▶ EXERCISE REQUIREMENTS: With the pictures removed, please write out every line below exactly as given.
··· RECORDS FOR THIS TASK
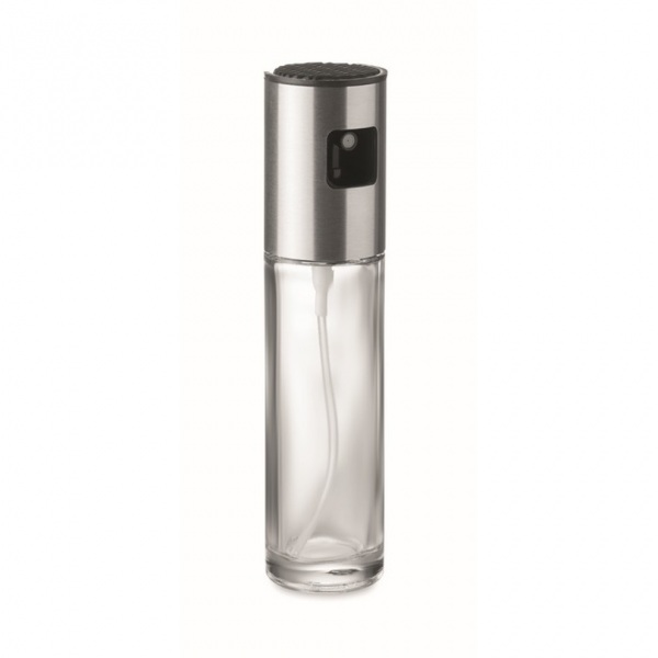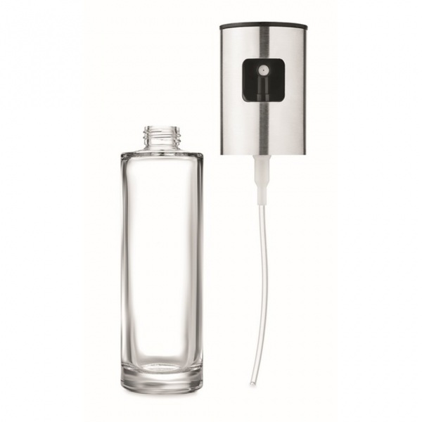 Sklenený dávkovač oleja v spreji s viečkom z nerezovej ocele. Objem: 100 ml.
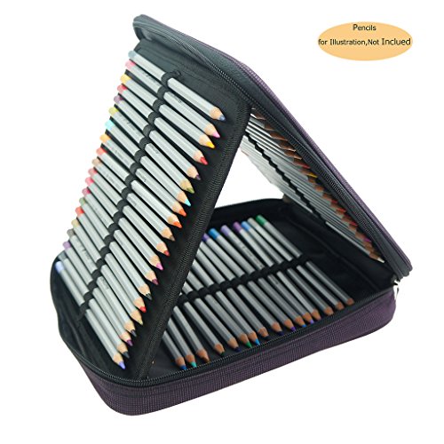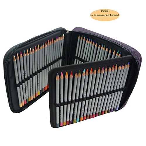 CREOOGO Colored Pencil Case 120 Slots Pencil Holder with Zipper for Artist Adult Coloring Fan Portable Safety Bag Organizer Purple
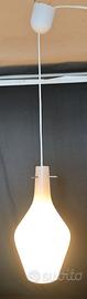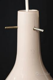Lampada a sospensione databile agli anni ’60-70, caratterizzata da una raffinata forma a bottiglia slanciata e da un vetro opalino rosato
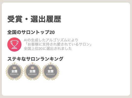 本全国のサロントップ20は、実際に来店されたお客様からの評価や支持をもとに選定されるものであり、日々のサービス品質やスタッフの技術、そしてお客様からの信頼が高く評価された結果となります。
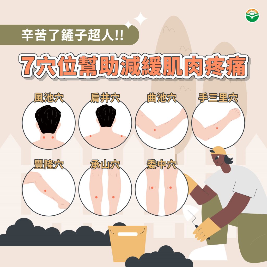 在減緩肌肉痠痛方面,可以自行穴位按摩放鬆筋骨,像是「風池穴、肩井穴、曲池穴、手三里穴、豐隆穴、承山穴、委中穴、敲膽經」;或是在醫師指引下,使用痠痛藥布或藥膏,減緩不適感。
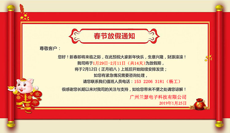 2019年春節(jié)放假通知-廣州蘭瑟電子
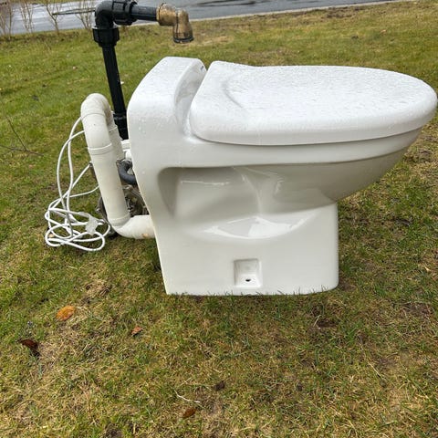 Jets VOD-5A vakuumtoalett system. Komplett vakuumbasert toalettsystem med toalett, vakuumpumpe, kontrollenhet og oppsamlingstank. Systemet er egnet for installasjon der det er behov for vakuumtoalettløsning, for eksempel i båt, hytte eller andre anlegg uten tradisjonell avløpstilkobling. Kontrollpanelet viser tilkoblingsskjema for tank, pumpe og toalett, og har funksjoner for start, stopp og overvåking av systemet.220v brukt på hytte
······
▶ TASK ANSWER:
 Sklenený dávkovač oleja v spreji s viečkom z nerezovej ocele. Objem: 100 ml.
 CREOOGO Colored Pencil Case 120 Slots Pencil Holder with Zipper for Artist Adult Coloring Fan Portable Safety Bag Organizer Purple
Lampada a sospensione databile agli anni ’60-70, caratterizzata da una raffinata forma a bottiglia slanciata e da un vetro opalino rosato
 本全国のサロントップ20は、実際に来店されたお客様からの評価や支持をもとに選定されるものであり、日々のサービス品質やスタッフの技術、そしてお客様からの信頼が高く評価された結果となります。
 在減緩肌肉痠痛方面,可以自行穴位按摩放鬆筋骨,像是「風池穴、肩井穴、曲池穴、手三里穴、豐隆穴、承山穴、委中穴、敲膽經」;或是在醫師指引下,使用痠痛藥布或藥膏,減緩不適感。
 2019年春節(jié)放假通知-廣州蘭瑟電子
 Jets VOD-5A vakuumtoalett system. Komplett vakuumbasert toalettsystem med toalett, vakuumpumpe, kontrollenhet og oppsamlingstank. Systemet er egnet for installasjon der det er behov for vakuumtoalettløsning, for eksempel i båt, hytte eller andre anlegg uten tradisjonell avløpstilkobling. Kontrollpanelet viser tilkoblingsskjema for tank, pumpe og toalett, og har funksjoner for start, stopp og overvåking av systemet.220v brukt på hytte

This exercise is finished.